Created on 16 Jan 2019  路  24Comments  路  Source: hill-a/stable-baselines

When I run the code example from the docs for cartpole multiprocessing, it renders one window with all env's playing the game. It also renders individual windows with the same env's playing the same games.

import gym
import numpy as np

from stable_baselines.common.policies import MlpPolicy
from stable_baselines.common.vec_env import SubprocVecEnv
from stable_baselines.common import set_global_seeds
from stable_baselines import ACKTR

def make_env(env_id, rank, seed=0):
    """
    Utility function for multiprocessed env.
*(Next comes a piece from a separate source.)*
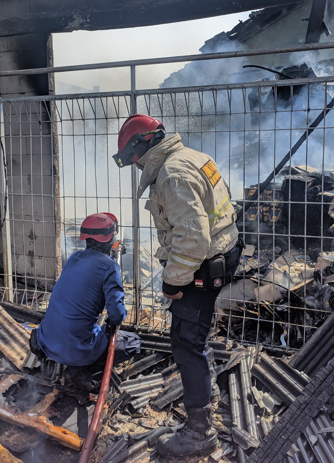 Proses pemadaman dan pembasahan masih berlangsung hingga saat ini. Petugas PMK terus berjibaku untuk memadamkan api yang membakar tumpukan kertas di gudang.

    :param env_id: (str) the environment ID
    :param num_env: (int) the number of environments you wish to have in subprocesses
    :param seed: (int) the inital seed for RNG
    :param rank: (int) index of the subprocess
    """
    def _init():
        env = gym.make(env_id)
        env.seed(seed + rank)
        return env
    set_global_seeds(seed)
    return _init

env_id = "CartPole-v1"
num_cpu = 4  # Number of processes to use
# Create the vectorized environment
env = SubprocVecEnv([make_env(env_id, i) for i in range(num_cpu)])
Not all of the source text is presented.